National Packard Museum planning $1M+ expansion
Staff photo / Andy Gray Mary Ann Porinchak, executive director of the National Packard Museum, shows off the architectural renderings for a planned expansion of the museum that will enable it to house up to 30 more vehicles.
WARREN — More and more automobile collectors want to donate their vintage Packard vehicles to the National Packard Museum.
It’s a good problem to have, but it comes with a legitimate dilemma — where to store them?
To accommodate its growing collection, the museum is planning a 4,960-square foot expansion that can house up to 30 vehicles and will include a mechanics bay for any needed repairs and maintenance.
Phillips Sekanik Architects Inc. in Warren did the design and the estimated cost is between $1.1 and $1.5 million. Mary Ann Porinchak, executive director of the museum, said they’ve already raised more than $200,000 before starting the official fundraising campaign.
“I have started the quiet phase of it, personally contacting donors that have supported us for many years on a larger scale, and I’ve been batting a thousand with them,” Porinchak said. “Every one of them has told me, ‘You’re not going to have any trouble raising this money,’ and it’s because we have a reputation. We are known for presenting great events, and we have been operating in the black since 1999.”
After recent acquisitions in the past couple of years, the museum essentially is at full capacity. When it displays special exhibits, such as the annual motorcycle show opening next weekend, or is rented out for special events, it is increasingly difficult to maneuver the collection to make room for those activities.
The last Packard automobiles were manufactured in 1956 (1958 if the vehicles produced during a brief Packard-Studebaker merger are included). The collectors who grew up idolizing Packard vehicles are getting older, and those collectors (or their heirs) have been donating their cars to places like the National Packard Museum, where they know they will be preserved.
“We saw the need several years ago when we started seeing consistently more and more cars being donated to us,” Porinchak said.
The 62-foot-by-81.5 foot expansion will be built on the south end of the museum and will extend to where the chain link fence is between the museum and Packard Music Hall on Mahoning Avenue NW.
The current south wall of the original structure will be replaced with a glass wall, so museum visitors will be able to see the vehicles that are in storage as well as any work being done in the mechanics bay. The glass wall was inspired by a visit Porinchak made to the Fountainhead Antique Auto Museum in Fairbanks, Alaska, and visits by Packard board members to other automotive museums that have a similar set up.
The planned addition will feature 10 car lifts, which will allow the museum to store vehicles stacked on top of each other. In between the lifts will be spaces for several other vehicles.
With its existing collection and vehicles already promised to the museum, Porinchak said six of those 30 spots will be filled as soon as the building is completed.
Most of the work for the new structure can be done with little disruption to the existing building. Even when they replace the south wall with the glass partition connecting the two buildings, it shouldn’t require more than a temporary closure of a small portion of the current space.

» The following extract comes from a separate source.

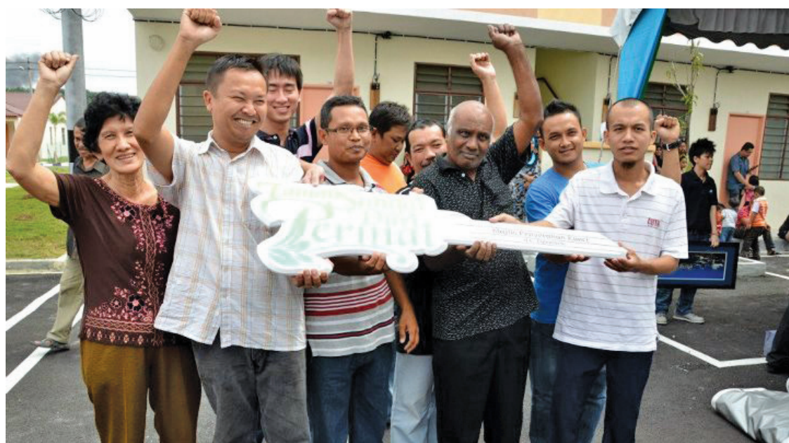
Happy house owners of Taman Sungai Duri Permai

"This commitment proves wrong the claim by the Opposition party that the Pakatan State Government has failed to build affordable houses for the benefit of Penangites," he stressed.

Porinchak said she doesn’t believe the entire museum will have to close during any part of the process.
The first phases of the project — site preparation, pouring the foundation and the building package — will cost between $300,000 and $450,000. Porinchak said she wants to start those steps as soon as they reach $400,000 for the fundraising campaign, which she hopes to reach by spring
“I want to do it when the weather is decent and when everybody’s ready to roll,” she said. “It’s an easy project in that it doesn’t have any plumbing or anything like that. It’s basically a glorified pole barn with pretty walls and signage and a glass front.”